Note, however, that this map is not preserved by scaling, or by transformations in general, because $v^*$ transforms as $M^{-T}$ while $v$ transforms as $M$.
With this correspondence, it becomes possible to largely ignore the existence of dual spaces and dual elements altogether—we have the fiction that they’re not distinct from the base elements. In an orthonormal basis, even the coordinates of a vector and its corresponding dual will be identical.
For an example of “forgetting” about duals: the Hodge star operations can be defined using the inner product to invisibly dualize their input or output as well as hodging it. Then the two Hodge stars I defined above collapse into one operation, mapping between $\bigwedge^k V$ and $\bigwedge^{n-k} V$.
What’s The Use of All This?
This is kind of a lot. We started with just vectors and normal vectors—two kinds of vector-shaped things with different rules, which was confusing enough. But now we have four: vectors, dual vectors, bivectors, and dual bivectors. And on top of that we have three scalar-shaped things, too: true unitless scalars, trivectors, and dual trivectors.
Evidently, lots of people manage to get along well enough without being totally aware of all these distinctions! Even texts on Grassmann or geometric algebra may not fully delve into the “duals” story, instead treating $k$-vectors and their duals as the same thing (implicitly using the isomorphism defined above). Their differing transformation behavior becomes sort of a curiosity, an unsystematic ornamental detail. And this comes at the cost of making some aspects of the algebra require an inner product or a metric, and only work properly in an orthonormal basis. In contrast, when you’re “cooking with duals”, you can derive formulas that work properly in any basis.

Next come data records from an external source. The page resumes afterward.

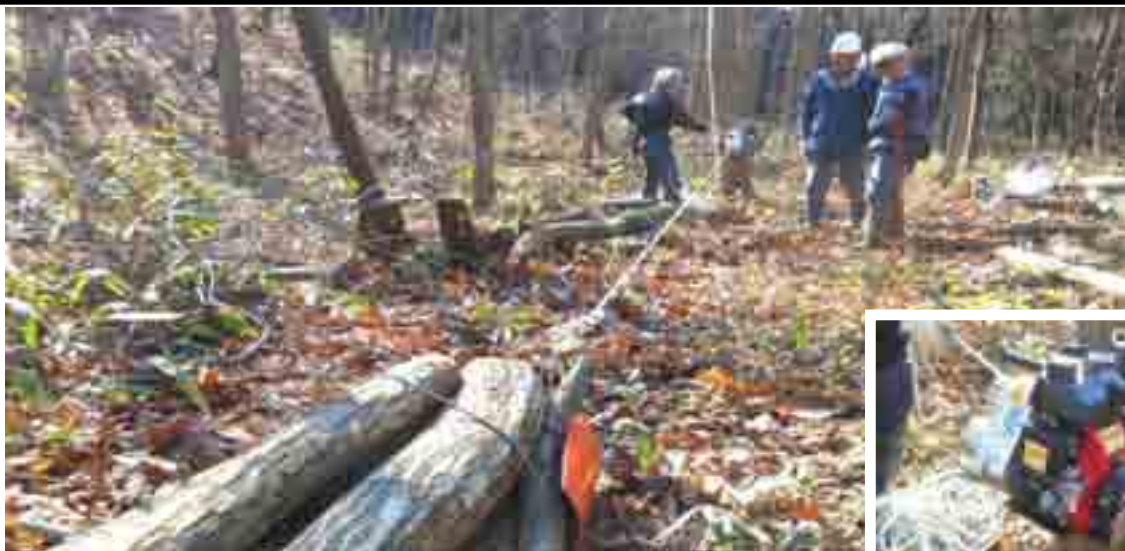
使い勝手は Good・・・ロープウインチでの集材体験学習（林野庁・森林空間利用タイプ事業）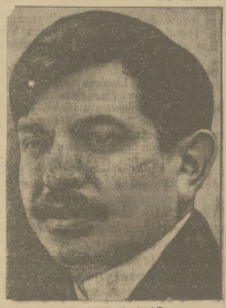
PROTR LAVAL nowy minister spraw zagranicznych Francji

BERLIN, 15.10. Zakupcy uszka Polacki statek pokoju „Elenka”, który dowoził się w drodze z Kłorbji do Gdyni, stracił w czasie burzy kół przyładka Arcona maszyni przelocji. Mieszcy omówili po-husztawienia, a próby aresztowania kłoczych zawichy. Na pomoc przyjechał z Saasmita statek „Seemooze” i z Hamburga parowiek „Koerle”, które przyholowały „Elenka” do portu w Saasmit.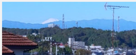
▲カフェ会場のウッドデッキからの景色は絶景。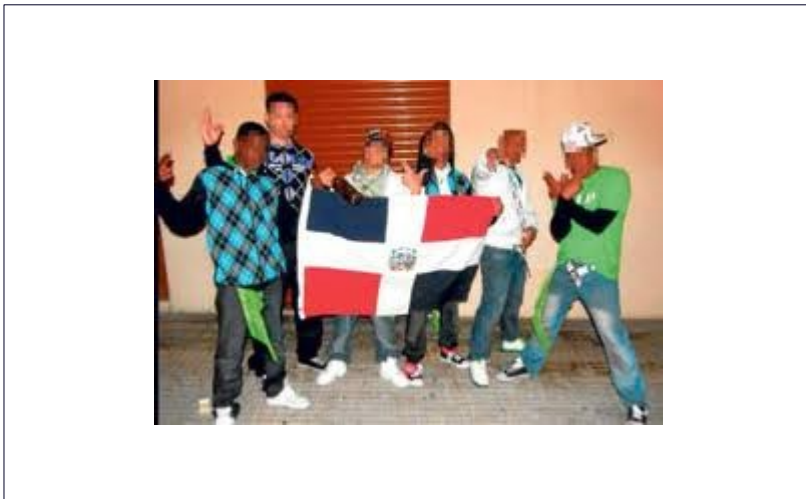
Fig.2. Varios miembros de Los Trinitarios.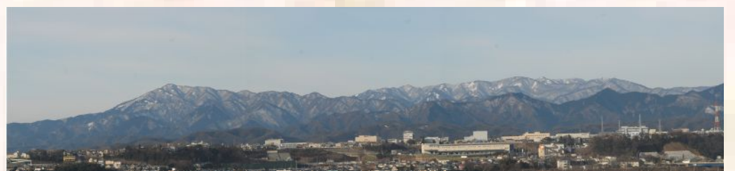
相模原市から見た丹沢大山国定公園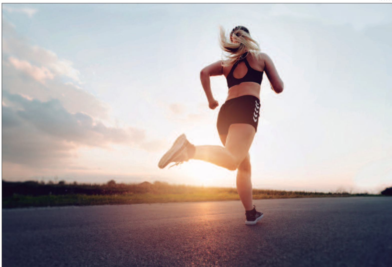
Exercícios regulares aumentam a produção de substâncias essenciais para o bem-estar que podem ser eficazes no combate à depressão

Os benefícios dos exercícios estão ligados à liberação de neurotransmissores como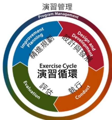
圖 2 演習規劃的循環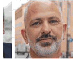
LUIGI NAVE M5S | COMMISSIONE AMBIENTE, TRANSIZIONE ECOLOGICA ED ENERGIA, SENATO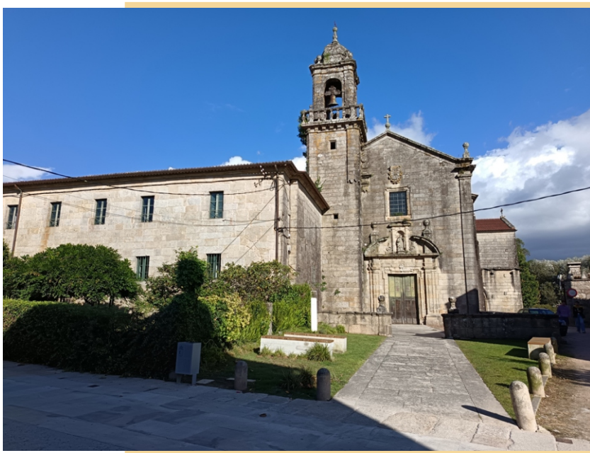
Mosteiro da Concepción Santa Clara (as Encerradas)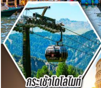
กระเช้าโดโลไมท์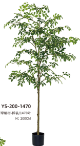
YS-200-1470 单杆绿楠树-拆装/1470叶 H: 200CM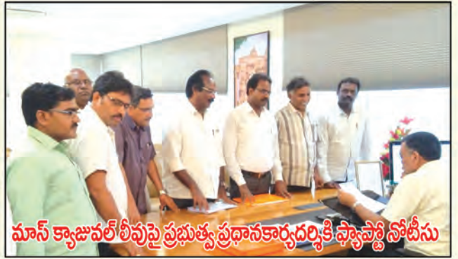
మాన్ క్యాజువల్ లీవుపై ప్రభుత్వ ప్రధాన కార్యదర్శికి ఫ్యాక్టర్స్ నోటీసు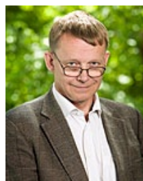
Hans Rosling (Suecia)

As a quick example of this, let’s look at a concrete problem you might encounter in graphics. Let’s say you have a triangle mesh and you want to select a random point on it, chosen uniformly over the surface area. To do this, we must first select a random triangle, with probability proportional to area. The standard technique is to precompute the areas of all the triangles and build a prefix-sum table; then, to select a triangle, we take a uniform random value and binary-search on it in the table.
Let’s throw in another wrinkle, though. What if the triangle mesh is transformed—possibly by a nonuniform scaling, or a shear? In general, this will alter the areas of all the triangles, in an orientation-dependent way. A uniform distribution over surface area in the mesh’s local space will no longer be uniform in world space. We could address this by pre-transforming the whole mesh into world space and doing the sampling process there—but that’s more expensive than necessary.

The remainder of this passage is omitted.